▶ _WHAT THE TASK REQUIRES_: When you reach the line in the listing below that contains "2 Stole i massivt", begin returning lines exactly as written, and stop after the line that contains "Bunny in Love". Return no other lines.
╭─ DATA EXTRACTS
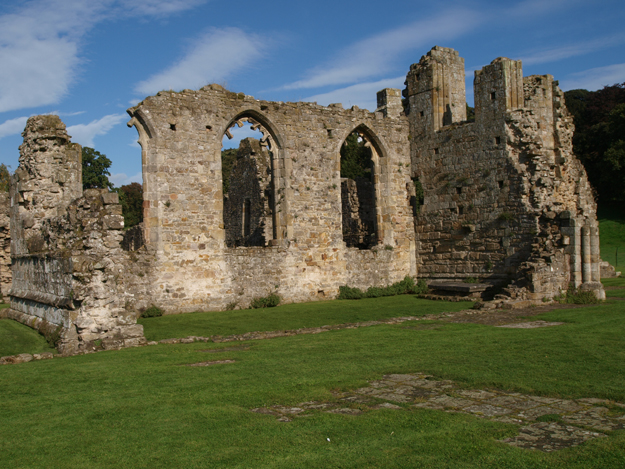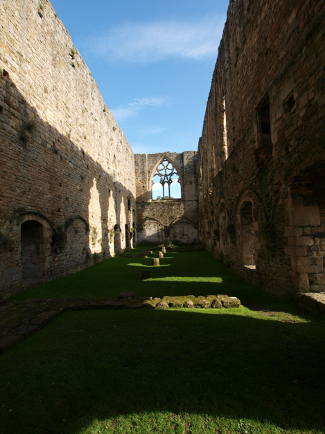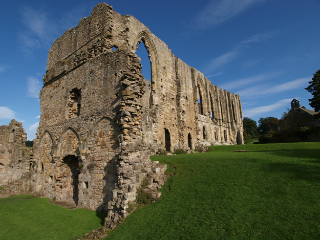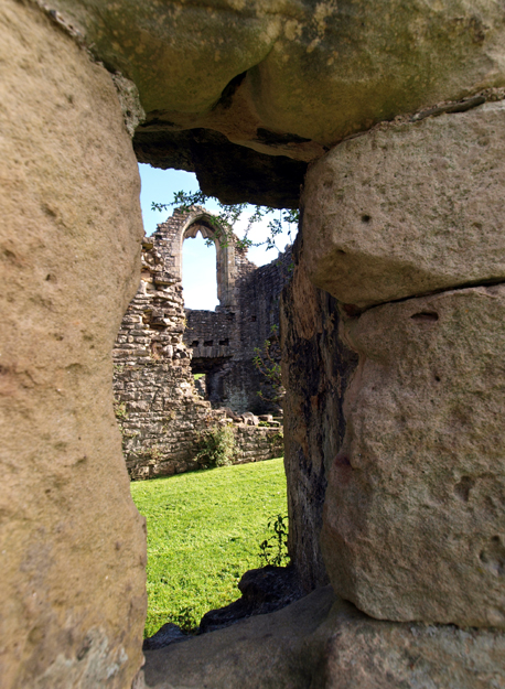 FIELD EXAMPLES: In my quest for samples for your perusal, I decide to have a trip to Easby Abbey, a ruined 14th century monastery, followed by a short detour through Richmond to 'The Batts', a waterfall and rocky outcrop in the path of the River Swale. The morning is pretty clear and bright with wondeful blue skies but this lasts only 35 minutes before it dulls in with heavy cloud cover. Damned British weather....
╰─
╭─ DATA EXTRACTS
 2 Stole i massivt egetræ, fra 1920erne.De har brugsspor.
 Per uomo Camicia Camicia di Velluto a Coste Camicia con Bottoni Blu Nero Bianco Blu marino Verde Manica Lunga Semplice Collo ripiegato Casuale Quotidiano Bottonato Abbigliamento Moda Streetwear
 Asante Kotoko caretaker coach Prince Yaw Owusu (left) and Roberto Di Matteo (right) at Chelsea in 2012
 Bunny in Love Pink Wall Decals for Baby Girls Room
╰─
▶ _REPLY_:
 2 Stole i massivt egetræ, fra 1920erne.De har brugsspor.
 Per uomo Camicia Camicia di Velluto a Coste Camicia con Bottoni Blu Nero Bianco Blu marino Verde Manica Lunga Semplice Collo ripiegato Casuale Quotidiano Bottonato Abbigliamento Moda Streetwear
 Asante Kotoko caretaker coach Prince Yaw Owusu (left) and Roberto Di Matteo (right) at Chelsea in 2012
 Bunny in Love Pink Wall Decals for Baby Girls Room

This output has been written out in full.